For every surface S there exists an integer chi(S) such that whenever a graph G with V vertices and E edges is embedded in it so that there are F faces (regions divided by the graph), we have V - E + F= chi(S).
For a sphere chi(S)=2.
So, if we have P pentagons, and H hexagons we can calculate the number of vertices as follows:
6 vertices for each of the hexagons, i.e. 6*H.
5 vertices for each of the pentagons, i.e. 5*P.
But we have counted each vertex three times (once for each adjacent polygon) so the number of edges E = (6*H + 5*P)/2.
Substituting and solving this equation we get P = 12. So, there are 12 pentagons.
Moving swiftly along, we can see that each pentagon is surrounded by 5 Hexagons. So there should 5*P hexagons, but we have triple counted each hexagon for each of its 3 adjacent pentagons. Thus the number of hexagons is 5*P/3 which equals 20.
That is why - dunderhead - there are 20 hexagons and 12 pentagons in that ball you are standing there bouncing.
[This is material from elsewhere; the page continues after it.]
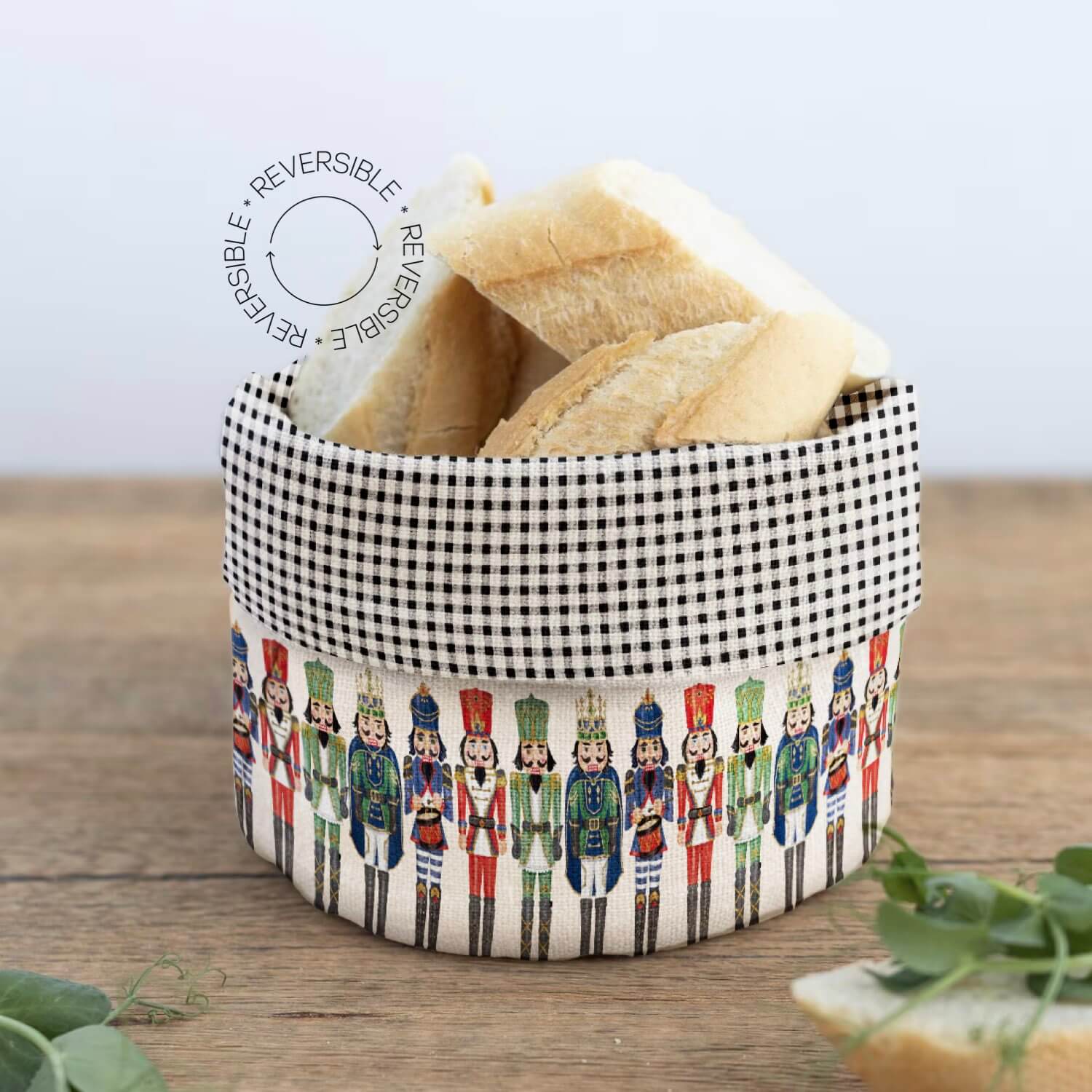 • Llena tu mesa de alegría navideña con nuestra panera reversible The Christmas March. Presenta una encantadora fila de cascanueces coloridos sobre fondo crema y, al voltearla, revela un diseño de cuadros negros y blancos clásico y versátil.

Anyway, you are getting under my feet now. Go out and kick 32 polygons worth of leather and air around. I will call you back in when your tea is ready.
3 comments:
Each vertex 3 times but each edge 2 times - hence the division by 3 and by 2.
Do be clear Browne!
I think I expressed myself infelicitously rather than being wrong
On reflection you are right. I conflated vertices and edges and left out faces in cut and paste. It should have been:
...... number of vertices, V = (6*H + 5*P)/3.
Number of edges will be:
6 edges for each of the hexagons, i.e. 6*H.
5 edges for each of the pentagons, i.e. 5*P.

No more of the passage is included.